Cash back on other purchases
When not treated as a qualifying purchase for an enhanced rebate, purchases will garner the lower cash-back payout. The typical cash-back rate comes to 1 percent for all purchases, or in points, 1 point per dollar spent.
A few cards in our survey have 1.25 percent or 1.5 percent cash back. The TrueEarnings card from Costco and American Express delivers the highest return at 2 percent back on travel, but just 1 percent back on everything else that isn't travel or an everyday purchase. Everyday purchases earn 3 percent with this card.
The cards that have 1.25 percent or 1.5 percent cash back have reward tiers. With a tiered cash-back card, you won't start earning the higher payout until you spend a certain amount on the card. For instance, to get the higher rate of 1.5 percent cash back on all other purchases using Blue Cash from American Express, you have to spend more than $6,500. Before that, you'll earn a mere 0.5 percent.
Tip: Consider your spending habits to see whether a tiered card would benefit you. "Big spenders can potentially see their rewards increase exponentially by picking a tiered card that is consistent with their spending habits," says Greg McBride, senior financial analyst for Bankrate.com.
To find out when you would hit the higher tier for other purchases, use our work sheet, "What's the best cash-back card for you?"
Cash back on other rebates
Thirteen of the cards surveyed have a bonus payout for special behavior. These bonuses vary from rebates on balance transfers, interest payments and cash advances to additional cash back on purchases made through the card company's exclusive shopping site and redemption bonuses. For instance, Capital One's No Hassle Cash Rewards MasterCard for those with average credit has a 25 percent annual bonus on cash earned during the year.

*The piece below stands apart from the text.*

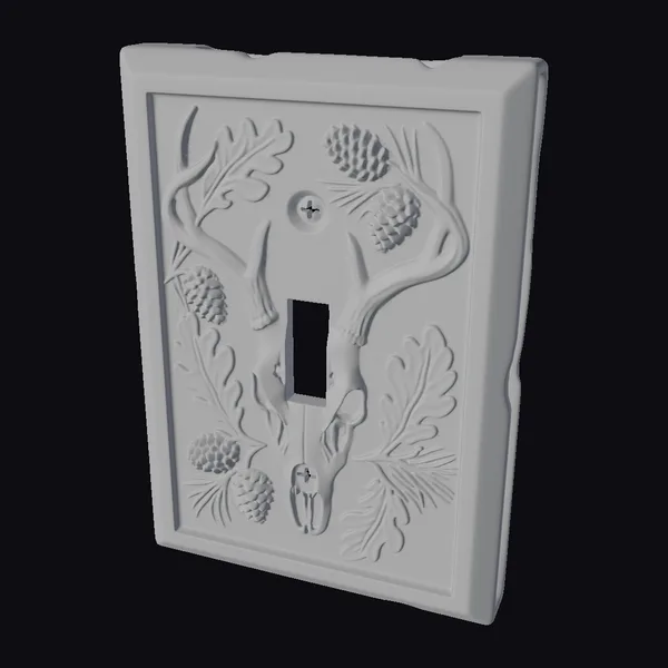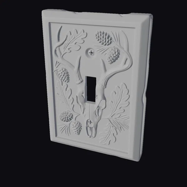 Crafted with meticulous attention to detail, this switch plate boasts a stunning bronze finish, complete with a deer skull and antlers at its center. Delicate oak leaves and pinecones are intricately woven around the skull, adding a touch of rustic charm. The plate’s rectangular shape and raised edges give it a sturdy, three-dimensional appearance. Perfect for those who appreciate the great outdoors, this decorative piece can elevate the ambiance of any room, making it ideal for use in games, 3D printing projects, virtual reality experiences, animations, or architectural designs.

Cash-back Discover cardholders using the company's exclusive shopping Web site can earn 5 percent to 20 percent back on their online purchases.
Tip: Unless the terms of the balance transfer prove better than other cards, don't make a balance transfer to earn cash back. The costs will eat up any reward you earn.
Cards offering rebates for revolving balances and cash advances shouldn't entice you either, because the interest charges will swallow your savings. "What sense does it make to revolve a balance at 12 percent interest for the sake of a 1 percent rebate?" asks Greg McBride, senior financial analyst for Bankrate.com. "Even if you revolve the balance for only one month, the interest charges negate your rebate. Consumers that carry credit card balances, even occasionally, should focus on getting the lowest possible interest rate and accelerating debt repayment."